Calculating the Benjamini & Hochberg p value Correction

  1. I inserted a new worksheet named "b-h_ANOVA".
  2. I copy and paste the "MasterIndex", "ID", and "Standard Name" columns from Master_Sheet_dCIN5 into the first two columns of the new worksheet.
  3. I copied my unadjusted p values from your ANOVA worksheet and pasted it into Column D using "paste values."
  4. I selected all of columns A, B, C, and D. Sort by ascending values on Column D.
  5. I typed the header "Rank" in cell E1 and created a series of numbers in ascending order from 1 to 6189 in this column.
  6. To calculate the Benjamini and Hochberg p value correction, I typed dCIN5_B-H_p-value in cell F1. I typed the following formula in cell F2: =(D2*6189)/E2 and pressed enter. I copied that equation to the entire column.

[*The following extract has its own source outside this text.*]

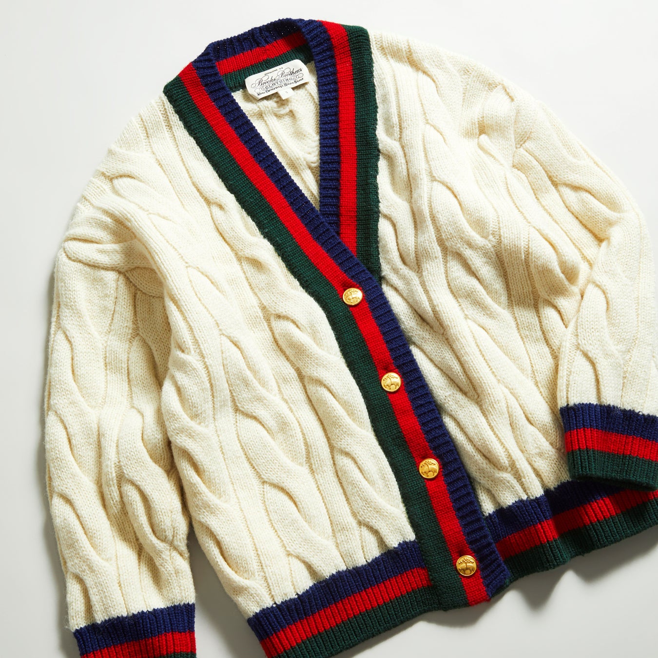 立体感のあるケーブル編みとふんわりと体を包み込む着心地ゆったりとしたドロップショルダーに仕上げました。ウォーターバリー製のゴールドボタンを使用。サイドポケット付

  7. I typed "dCIN5-H_p-value" into cell G1.
  8. I typed the following formula into cell G2: =IF(F2>1,1,F2) and pressed enter. I copied that equation to the entire column.
  9. I selected columns A through G.
  10. I sorted them by my Column A MasterIndex in ascending order.
  11. I copied column G and used paste values to paste it into the next column on the right of your ANOVA_dCIN5 sheet.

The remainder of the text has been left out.